…Сочинение Павлом «Экфрасиса храма Святой Софии»
– единственная достоверная дата из биографии поэта: экфрасис сочинен по
поводу освящения заново отстроенного храма; рукописное предание сообщает
дату окончания поэмы – декабрь 562 г., хронисты сообщают дату праздника
– 6 января 563 г. Экфрасис (1029 стихов) представляет собой довольно сложное
произведение и в метрическом, и в композиционном отношении. Эти два плана
выдержаны в тесной зависимости от содержания: собственно дескриптивная
часть поэмы написана гексаметрами, все ее риторическое обрамление – ямбическими
триметрами. Поэма делится на две части, из которых первая была прочитана
во дворце, вторая (сохранившаяся хуже) – в доме патриарха Евтихия, совершившего
освящение храма.
Первая часть начинается двумя ямбическими
вступлениями, из которых первое обращено к императору, второе – к патриарху.
Далее излагается в общих чертах тема экфрасиса,
и эта небольшая часть завершается энкомием императору и его строительству
церквей, которое
… превзойдет славу Капитолия (ст.167).
В следующих стихах дается историческая справка
– описано второе здание храма и возникновение плана его перестройки. Этот
эпизод завершается чисто риторическим приемом – диалогом императора с Римом,
которым и санкционировано новое строительство. После сообщения о предстоящем
празднестве освящения храма поэт переходит к последовательному описанию
самого здания.
Поэма начинается со сведений общего характера:
упомянуты материал, зодчие, издержки, а затем, после дескриптивной части
– детального описания внутренней архитектуры и убранства, - в самом конце
поэмы помещен пышный, риторический энкомий императору (ст. 921-1029). Архитектурные
реалии, отмечаемые Павлом, очень точны: это подтверждается многочисленными
совпадениями ряда описаний, содержащихся в поэме, с трактатом Прокопия
«О постройках», с мемуарами Агафия, с хроникой Феофана и с сочинениями
других, более поздних хронистов. Но в данном случае поэма интересует нас
со стороны чисто литературной.
Основная художественная достопримечательность поэмы – в ее искусной
композиции, которая построена по принципу переходов от общего к частностям,
от внешнего облика храма к мелким архитектурным деталям. Хотя дескриптивную
часть принято делить на два раздела – описание общего вида храма (ст. 354-616)

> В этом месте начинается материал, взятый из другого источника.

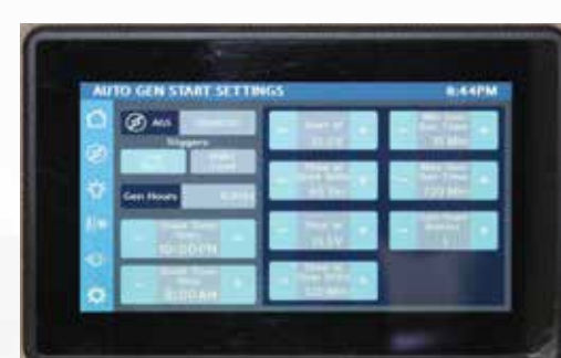
Automatic Generator Start

The "Soft-Close" feature keeps drawers closed during travel without plastic latches.

и описание интерьера и утвари (ст. 617-920), - поэт нередко обращается
в первой части к подробностям интерьера (описание верхней галереи, кресла
патриарха, ложи императора), а во второй – к внешним чертам здания (виды
мрамора, атриум, фонтан).
Однако возможно и другое деление поэмы. Почти
срединное место в ней отведено описанию устройства купола, который, по
словам как современников Юстиниана, так и поздних хронистов, долго был
у византийцев предметом многих, легенд, по-своему объяснявших эту загадочную
и новую для византийцев архитектуру. Если строки, относящиеся к этой центральной
детали храма (ст. 444-456), принять за кульминацию экфрасиса, то в последовательности
описания отдельных деталей в предшествующей этим строкам и последующих
частях обнаруживается следующая симметрия. И в одной и в другой части есть
описания колонн, упоминание верхней внутренней галереи; описанию мозаик
в предшествующей части соответствует описание чекана в последующей; также
кресло патриарха и ложа императора по отношению к срединным строкам занимают
симметричное положение. Так по общему строению дескриптивная часть напоминает
контур купольного здания. Однако ближе к заключительной части эта симметрия
нарушается с 617 стиха описанием атриума, пол которого, по выражению поэта
– «пестрые мраморные луга» (ст. 618) - предстает как символ всемирнообъединяющей
миссии «Второго Рима». Упомянуты фригийский мрамор – розовый с белыми прожилками,
египетский – пурпурный, лаконский – зеленый, карийский – кроваво-красный
и белый, лидийский – бледно-зеленый, ливийский – голубой, кельтский – черный
с белым. Эта полихромия, к которой уже раньше обращался поэт при упоминании
внутренних колонн, в научной литературе обычно противопоставляется чистоте
и однотонности мрамора, применявшегося в античности.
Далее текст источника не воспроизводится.